• [YOUR INSTRUCTIONS]:
Give the data below again exactly as written, but without the pictures.

• [DATA PROVIDED]:
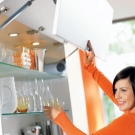 يمكن لخزائن المطبخ تخزين المواد الغذائية السائبة وأدوات المائدة الحادة ، والتي يجب أن تظل آمنة للأطفال الصغار. لهذا الغرض ، يتم استخدام آليات القفل. الآلية عبارة عن قفل بلاستيكي قوي بشريط أو مزلاج مثبت بشريط على الوجهين على باب أو درج.
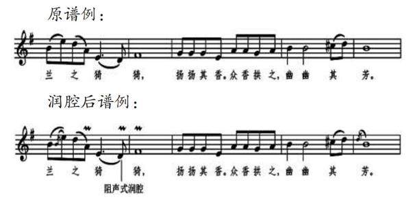 歌唱的动人之处,不仅在于音色的优美,还要注重情感表达和韵味把握。在烹调菜肴(二度创作)时,润腔这道“调味品”[22]不能少。能够准确地表达思想内容和人物情感是歌唱艺术的最终目的,是有个性、有魅力、有韵味、具有时代心声的歌唱者必须具备的能力。一首歌曲,只有理解它、感悟它才能到位地表现它。
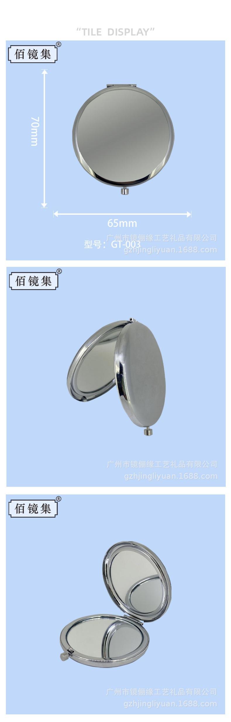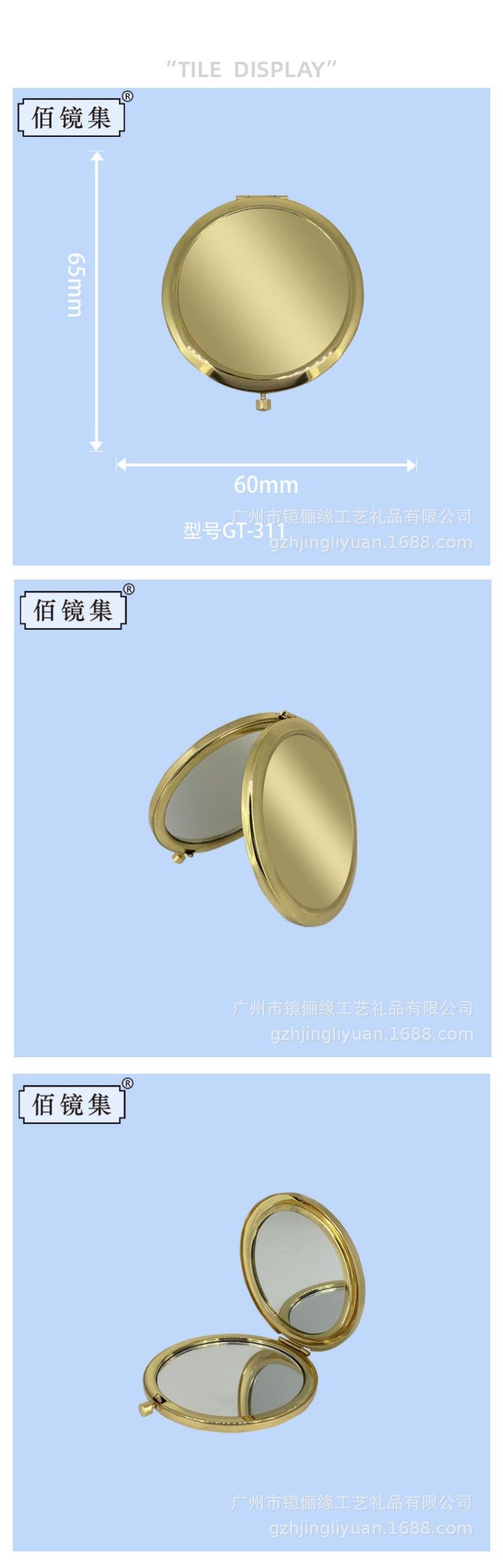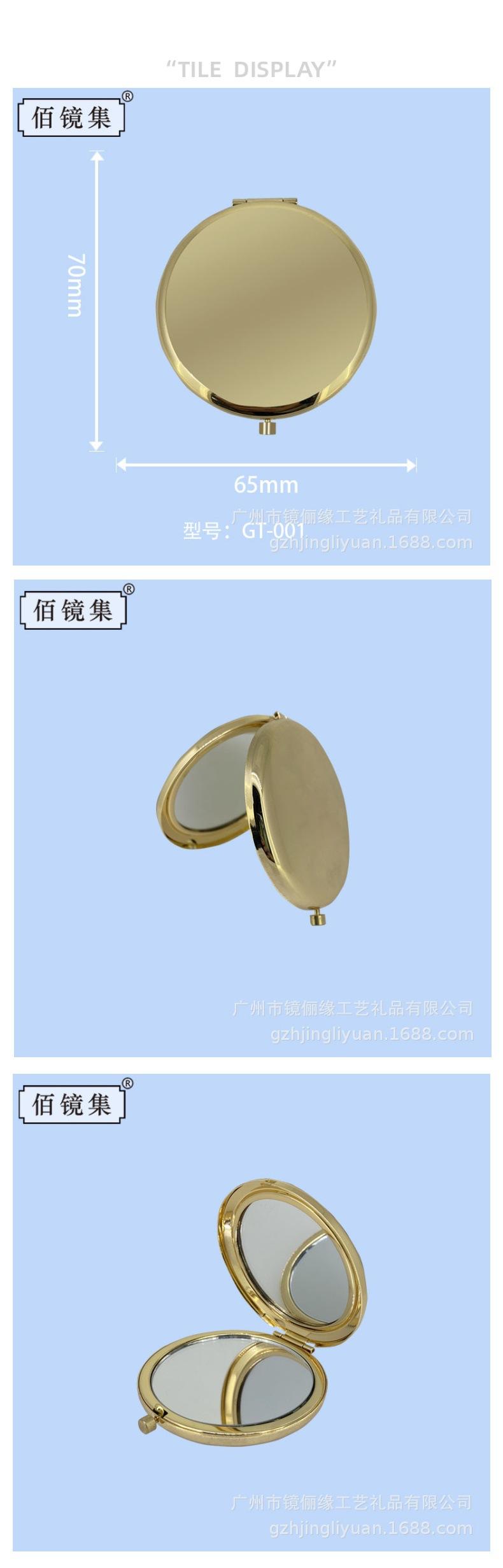 Espejo plano de hierro con broche de presión de doble cara dorado imitación de 65 mm:

• [COMPLETED TASK]:
 يمكن لخزائن المطبخ تخزين المواد الغذائية السائبة وأدوات المائدة الحادة ، والتي يجب أن تظل آمنة للأطفال الصغار. لهذا الغرض ، يتم استخدام آليات القفل. الآلية عبارة عن قفل بلاستيكي قوي بشريط أو مزلاج مثبت بشريط على الوجهين على باب أو درج.
 歌唱的动人之处,不仅在于音色的优美,还要注重情感表达和韵味把握。在烹调菜肴(二度创作)时,润腔这道“调味品”[22]不能少。能够准确地表达思想内容和人物情感是歌唱艺术的最终目的,是有个性、有魅力、有韵味、具有时代心声的歌唱者必须具备的能力。一首歌曲,只有理解它、感悟它才能到位地表现它。
 Espejo plano de hierro con broche de presión de doble cara dorado imitación de 65 mm:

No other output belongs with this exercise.